RefWorks Manage Projects screen 4 5 6
Manage Projects. One account provided access without collapsing project boundaries.

Operational confidence scaled because evidence stayed inspectable

The important behavior change was not adoption alone. Users proceeded when the system gave them enough evidence to account for their data and enough control to decide when an outcome was safe to approve.

New RefWorks did not replace external documentation and reconciliation practices. It gave librarians and administrators clearer product evidence to compare against the records they already maintained.

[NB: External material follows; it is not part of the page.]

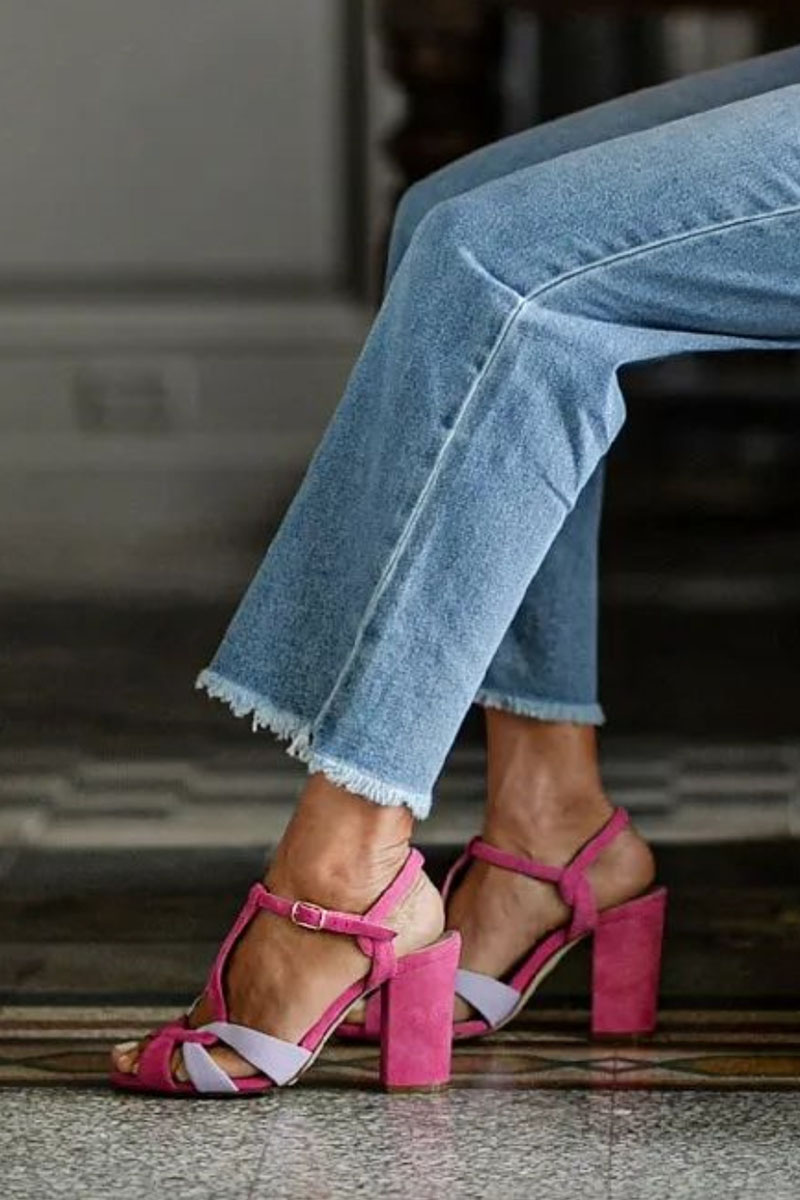 Colorblock Hollow Out Ankle Strap Sandals Chunky Heels

The organization could responsibly retire long-standing legacy infrastructure only after expert users had enough evidence to rely on the replacement system operationally.

Verification outcomes
  1. 01

    Operational reconciliation became independently verifiable

    Administrators could compare exportable migration records against migrated system states before approving outcomes.

  2. 02

    Duplicate review decisions became reproducible

    Users could inspect matching logic, metadata differences, primary-reference choices, and count impacts instead of relying on opaque cleanup behavior.

  3. 03

    Project evidence remained isolated and accountable

    Teams could manage multiple systematic reviews from one account without contaminating evidence between projects.

Outcome signal

Verification made approval conditional on evidence, not reassurance

Users tolerated added complexity when it made outcomes auditable. Confidence grew because the product exposed the counts, checkpoints, and reconciliation paths needed to decide whether to proceed.

Legacy RefWorks retirement cake with the RefWorks interface printed on it.
Legacy RefWorks carried years of operational trust. Long-time users retired it only after the replacement had earned confidence.

When users are accountable, preserve the audit trail

I initially treated migration confidence as an adoption problem. Research revealed that users were evaluating something deeper: whether they could independently verify outcomes they would later be held accountable for.

That shifted my decision model for expert systems. The question was no longer “How much complexity can we remove?” It became “Which complexity must remain visible so users can evaluate risk?”